Segment Start: INPUT DATA

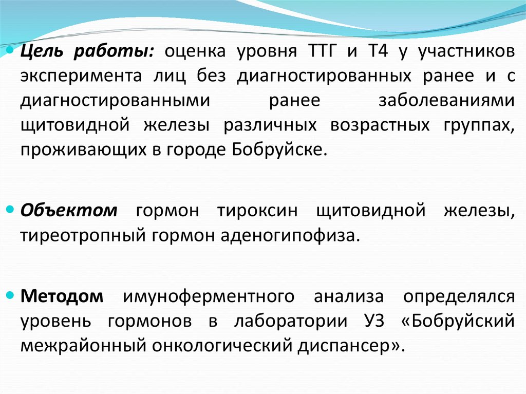 Цель работы: оценка уровня ТТГ и Т4 у участниковэксперимента лиц без диагностированных ранее и с
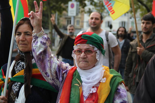 Yürüyüşte kendi renkleri ve Öcalan posterleri ile yer alan Kürdistanlılar yürüyüş boyunca attıkları sloganlarla Öcalan’a özgürlük istedi. İsviçreli sol sosyalist gruplarda attıkları sloganlar ve taşıdıkları pankartlarla Erdoğan diktatörlüğünün durdurulmasını istedi.
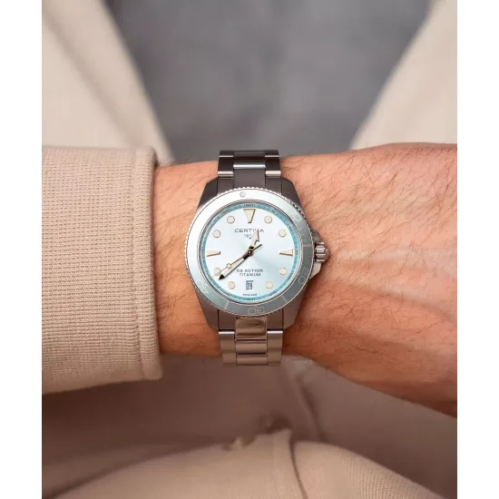 C048.410.44.351.00 שעון טיטניום חדש לגברים מסדרת אקשן 300 מטר | לוח טיפני תכלת מיוחד |וזרחני | שעון קל משקל כולל 5 שנים אחריות יבואן רשמי | Certina DS Action Titanium Quartz Light Blue C0484104435100
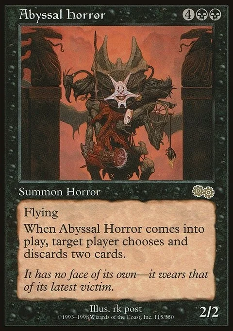 Flying, When Abyssal Horror comes into play, target player chooses and discards two cards.
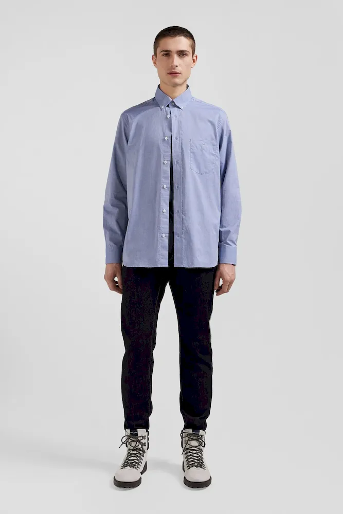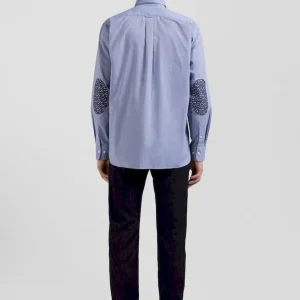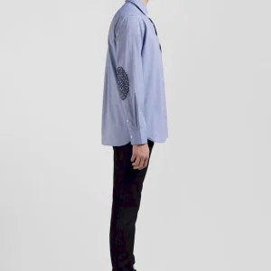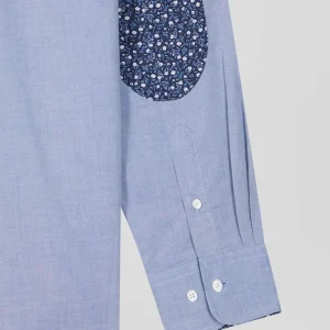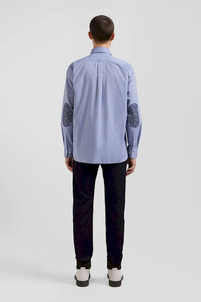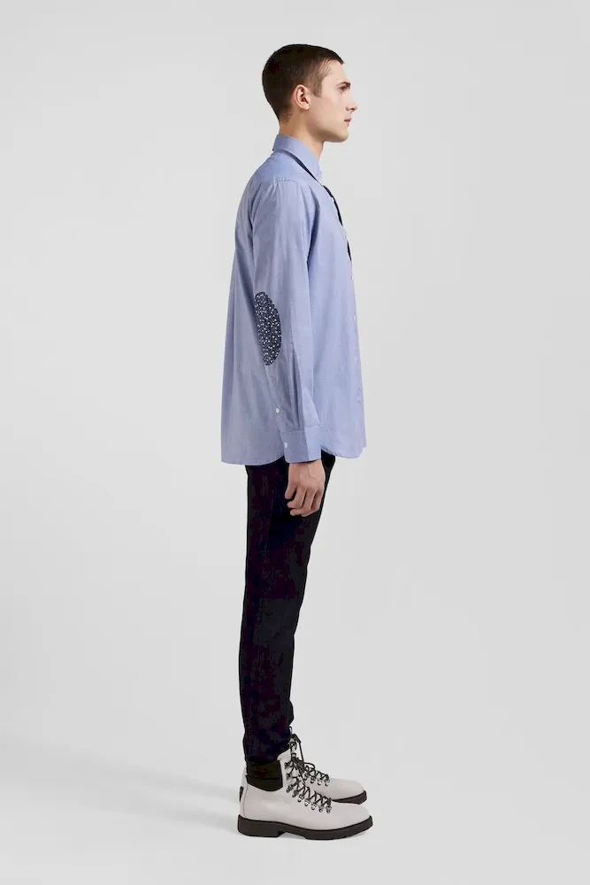 Notre chemise homme en toile de coton denim ciel est rehaussée par des coudières ornées d’un micro-motif floral tendance. Cette chemise bleue allie sophistication et originalité. Portée seule ou ouverte sur un T-shirt blanc en surchemise, elle offre une touche de fantaisie tout en restant classique et adaptée à toutes les occasions.
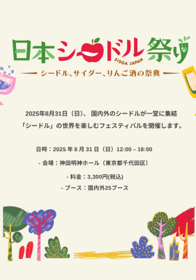 日本シードル祭り実行委員会(委員長=藤井達郎・上州沼田シードル醸造社長)は8月31日(日)、神田明神ホール(東京都千代田区)で「日本シードル祭り2025(SISGA JAPAN)」を開催する。リンゴを原料とした発泡酒「シードル」の認知度を高める狙い。
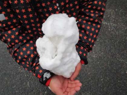 笑顔いっぱいで,それぞれが作った雪玉を見せてくれました。中には,素手で手を真っ赤にしながら雪を抱えている子どもも…。それでも,
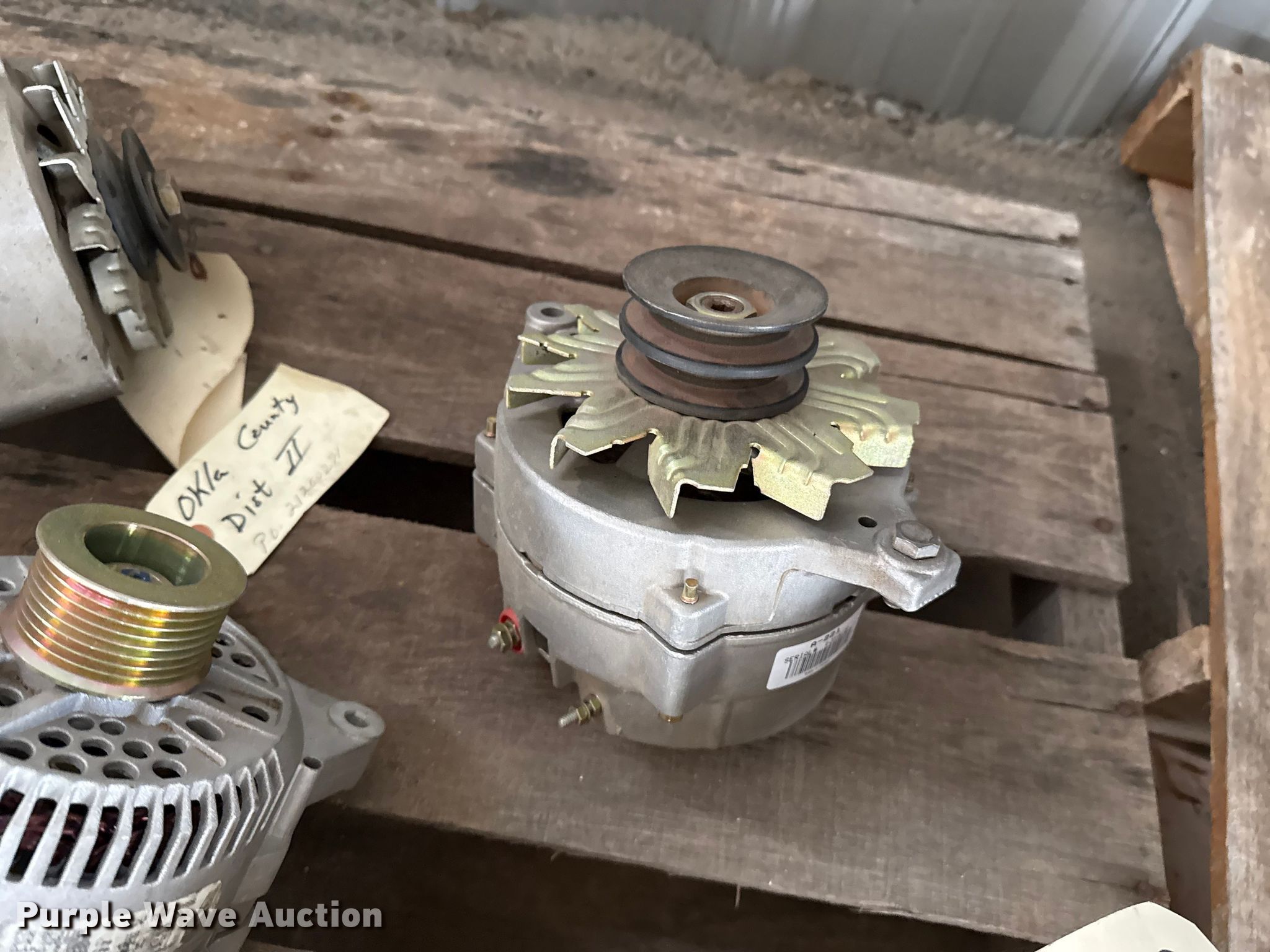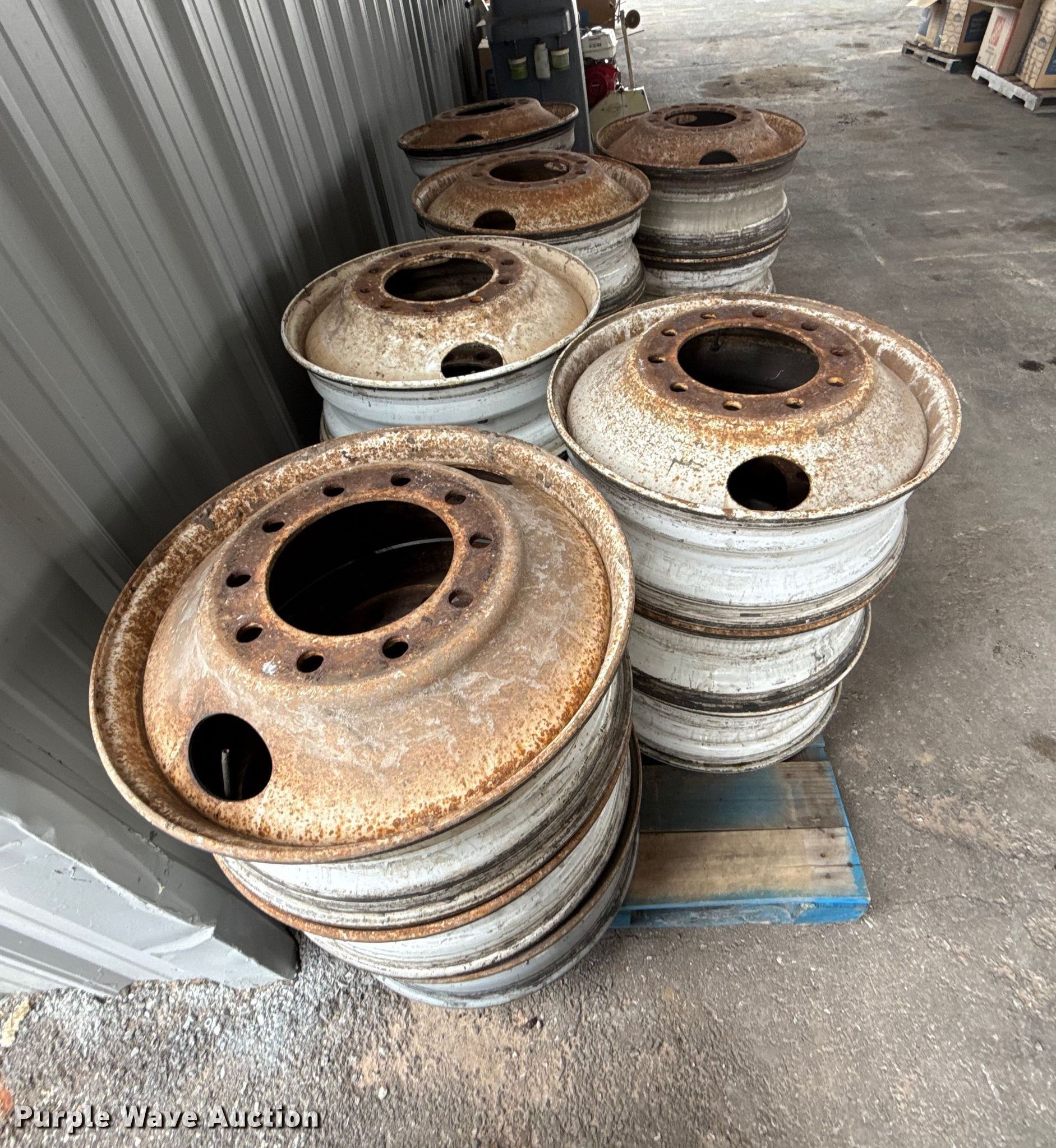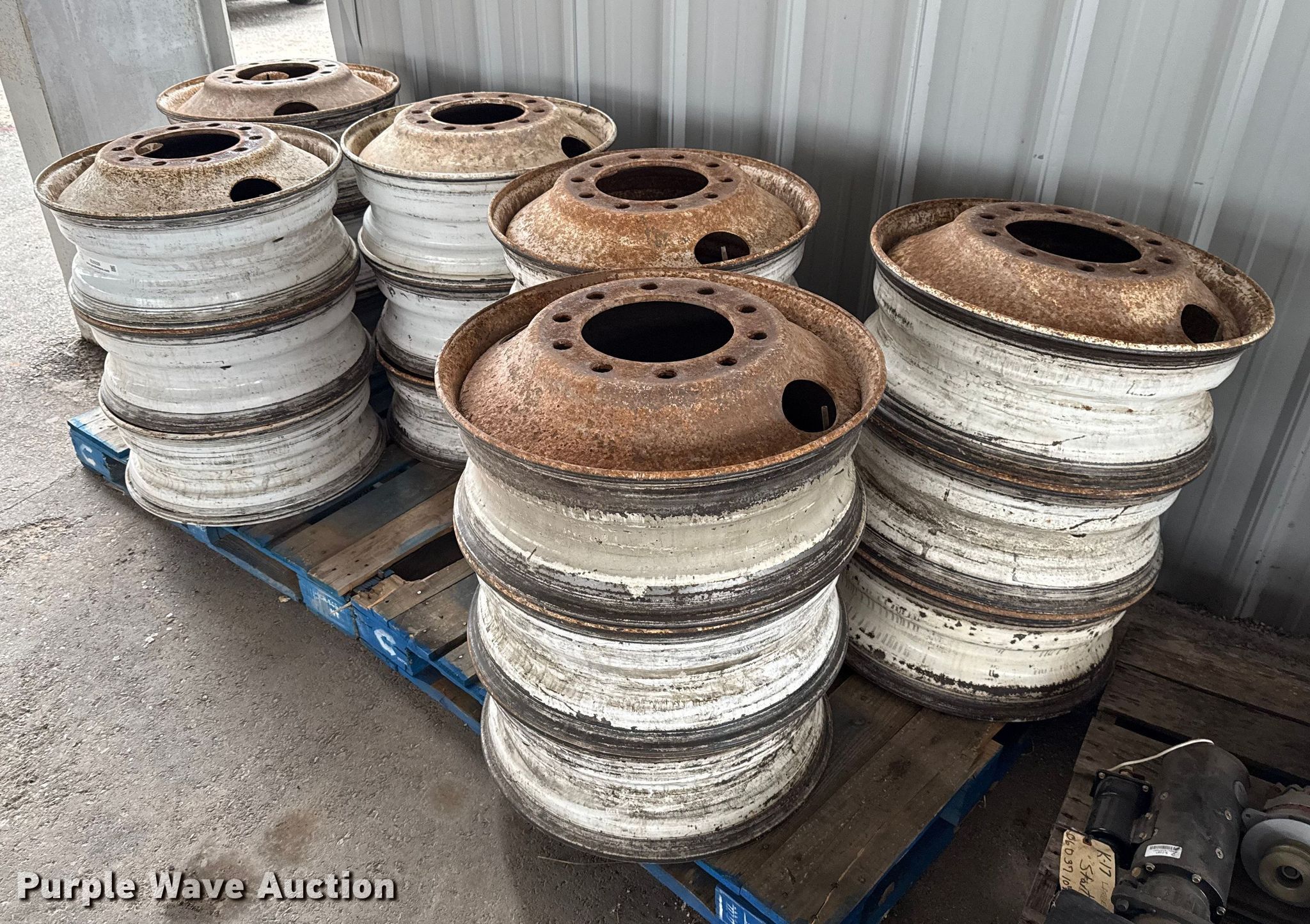 Purple Wave is selling a used Truck Part and Attach. in Oklahoma. This item is a Truck parts with the following: (18) wheels, 10 lug, (10) starters, Caterpillar pump
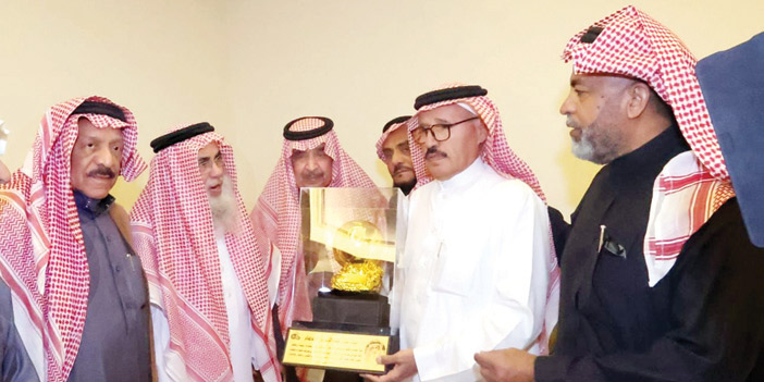 وفي نهاية اللقاء قدم الحكم الدولي السابق دليم القحطاني باسمه وباسم زملائه درعاً تذكارية للأستاذ عبد الرحمن الدهام بهذه المناسبة.
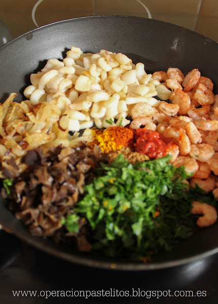 9. En una sartén,ponemos todo junto : los champiñones negros, las gambas, la cebolla, los calamares, el perejil picado, el ajo picadito y las especias al gusto: comino, curcuma, pimenton dulce, harissa o pimenton picante, sal, pimienta negra recién molida, limon confitado cortado en trocitos y removemos a fuego suave con una cucharada de aceite de oliva hasta que se integren todos los ingredientes juntos.
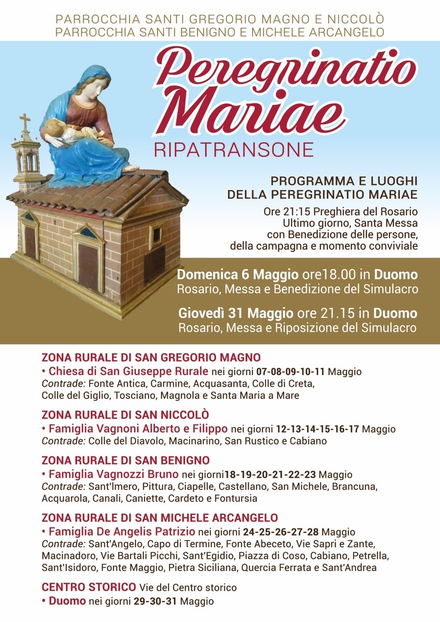 La “Peregrinatio Mariae” è una delle manifestazioni del ricchissimo tesoro della “pietà popolare” le cui profonde radici affondano nella storia delle nostre comunità locali. Nel mese a Lei dedicato, Maria si fa pellegrina nelle famiglie della comunità cristiana di Ripatransone per iniziativa delle confraternite maschili e femminili e di don Nicola Spinozzi, parroco presso la Chiesa di SS. Gregorio Magno e Niccolò e SS. Benigno e Michele Arcangelo.

Segment End: INPUT DATA

- TASK DETAILS
Hand back the exact lines from the start of the entries to the line with "وفي نهاية اللقاء", both ends kept and pictures left out.

- SOLUTION FOR THIS TASK
 Цель работы: оценка уровня ТТГ и Т4 у участниковэксперимента лиц без диагностированных ранее и с
 Yürüyüşte kendi renkleri ve Öcalan posterleri ile yer alan Kürdistanlılar yürüyüş boyunca attıkları sloganlarla Öcalan’a özgürlük istedi. İsviçreli sol sosyalist gruplarda attıkları sloganlar ve taşıdıkları pankartlarla Erdoğan diktatörlüğünün durdurulmasını istedi.
 C048.410.44.351.00 שעון טיטניום חדש לגברים מסדרת אקשן 300 מטר | לוח טיפני תכלת מיוחד |וזרחני | שעון קל משקל כולל 5 שנים אחריות יבואן רשמי | Certina DS Action Titanium Quartz Light Blue C0484104435100
 Flying, When Abyssal Horror comes into play, target player chooses and discards two cards.
 Notre chemise homme en toile de coton denim ciel est rehaussée par des coudières ornées d’un micro-motif floral tendance. Cette chemise bleue allie sophistication et originalité. Portée seule ou ouverte sur un T-shirt blanc en surchemise, elle offre une touche de fantaisie tout en restant classique et adaptée à toutes les occasions.
 日本シードル祭り実行委員会(委員長=藤井達郎・上州沼田シードル醸造社長)は8月31日(日)、神田明神ホール(東京都千代田区)で「日本シードル祭り2025(SISGA JAPAN)」を開催する。リンゴを原料とした発泡酒「シードル」の認知度を高める狙い。
 笑顔いっぱいで,それぞれが作った雪玉を見せてくれました。中には,素手で手を真っ赤にしながら雪を抱えている子どもも…。それでも,
 Purple Wave is selling a used Truck Part and Attach. in Oklahoma. This item is a Truck parts with the following: (18) wheels, 10 lug, (10) starters, Caterpillar pump
 وفي نهاية اللقاء قدم الحكم الدولي السابق دليم القحطاني باسمه وباسم زملائه درعاً تذكارية للأستاذ عبد الرحمن الدهام بهذه المناسبة.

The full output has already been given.